## Required action:
From the first line to the last, restate the records word for word, skipping the pictures.

Dataset records
- - - - -

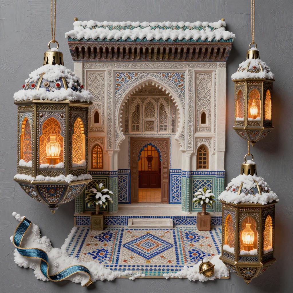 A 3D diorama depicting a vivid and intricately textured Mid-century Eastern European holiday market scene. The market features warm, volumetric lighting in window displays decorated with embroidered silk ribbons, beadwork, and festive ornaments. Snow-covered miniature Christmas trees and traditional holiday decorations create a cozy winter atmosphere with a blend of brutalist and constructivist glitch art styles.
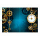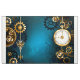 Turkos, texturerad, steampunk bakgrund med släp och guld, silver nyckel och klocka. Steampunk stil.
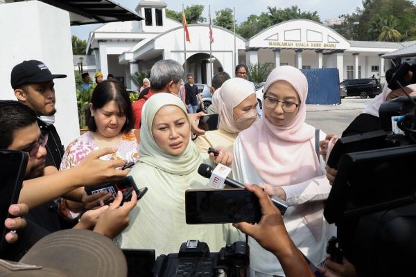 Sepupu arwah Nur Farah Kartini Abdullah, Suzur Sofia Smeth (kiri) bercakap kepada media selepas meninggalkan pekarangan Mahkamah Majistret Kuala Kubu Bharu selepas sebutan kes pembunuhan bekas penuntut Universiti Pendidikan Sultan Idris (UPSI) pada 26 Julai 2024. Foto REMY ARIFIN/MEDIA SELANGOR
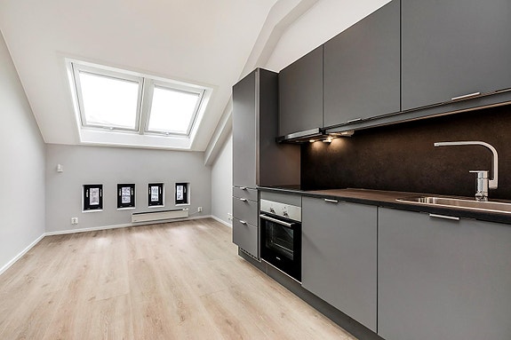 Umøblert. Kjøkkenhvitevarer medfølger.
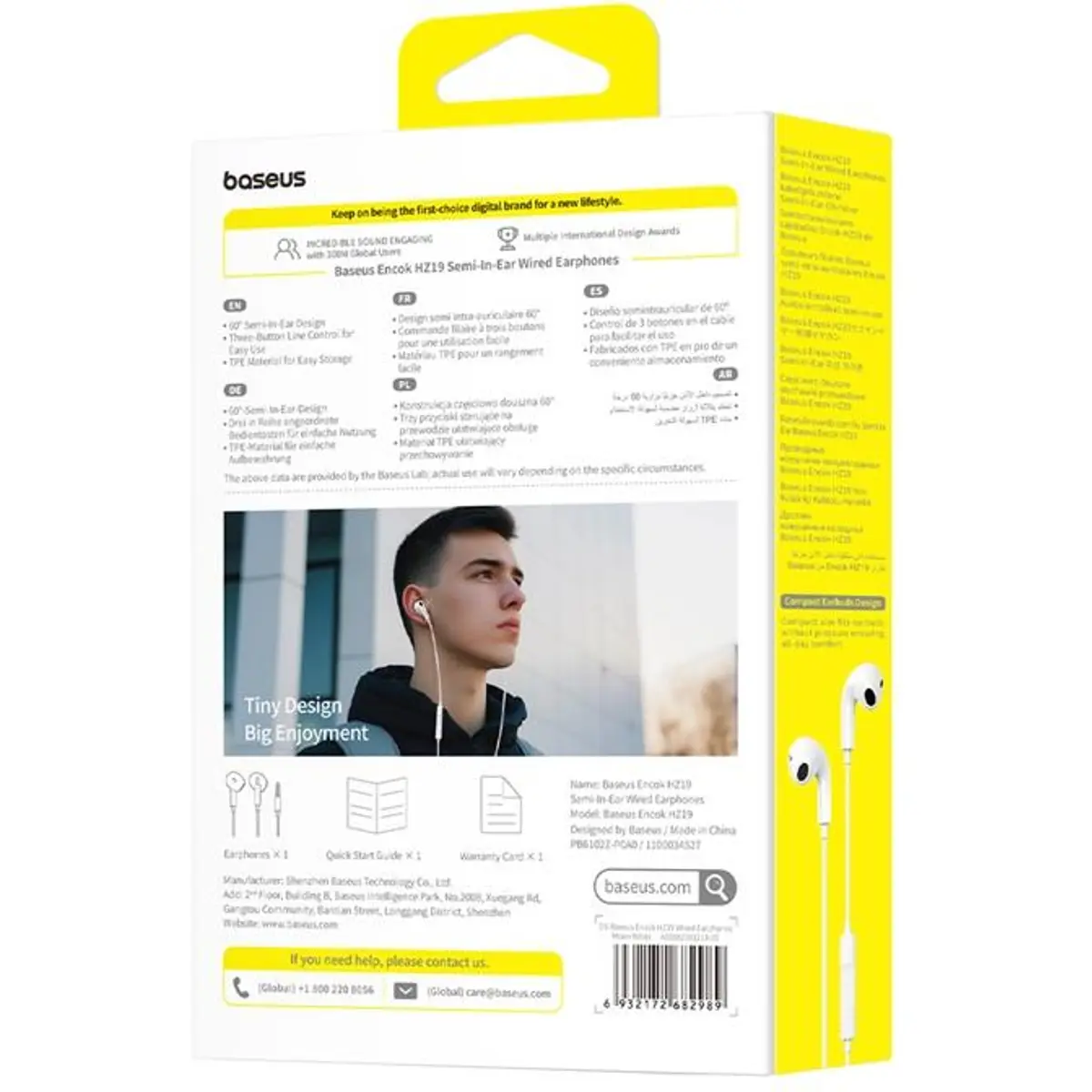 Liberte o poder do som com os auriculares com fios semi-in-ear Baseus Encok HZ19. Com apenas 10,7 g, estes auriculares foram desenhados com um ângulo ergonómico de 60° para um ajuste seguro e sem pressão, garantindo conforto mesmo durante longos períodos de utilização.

- - - - -

## Completed task:
 A 3D diorama depicting a vivid and intricately textured Mid-century Eastern European holiday market scene. The market features warm, volumetric lighting in window displays decorated with embroidered silk ribbons, beadwork, and festive ornaments. Snow-covered miniature Christmas trees and traditional holiday decorations create a cozy winter atmosphere with a blend of brutalist and constructivist glitch art styles.
 Turkos, texturerad, steampunk bakgrund med släp och guld, silver nyckel och klocka. Steampunk stil.
 Sepupu arwah Nur Farah Kartini Abdullah, Suzur Sofia Smeth (kiri) bercakap kepada media selepas meninggalkan pekarangan Mahkamah Majistret Kuala Kubu Bharu selepas sebutan kes pembunuhan bekas penuntut Universiti Pendidikan Sultan Idris (UPSI) pada 26 Julai 2024. Foto REMY ARIFIN/MEDIA SELANGOR
 Umøblert. Kjøkkenhvitevarer medfølger.
 Liberte o poder do som com os auriculares com fios semi-in-ear Baseus Encok HZ19. Com apenas 10,7 g, estes auriculares foram desenhados com um ângulo ergonómico de 60° para um ajuste seguro e sem pressão, garantindo conforto mesmo durante longos períodos de utilização.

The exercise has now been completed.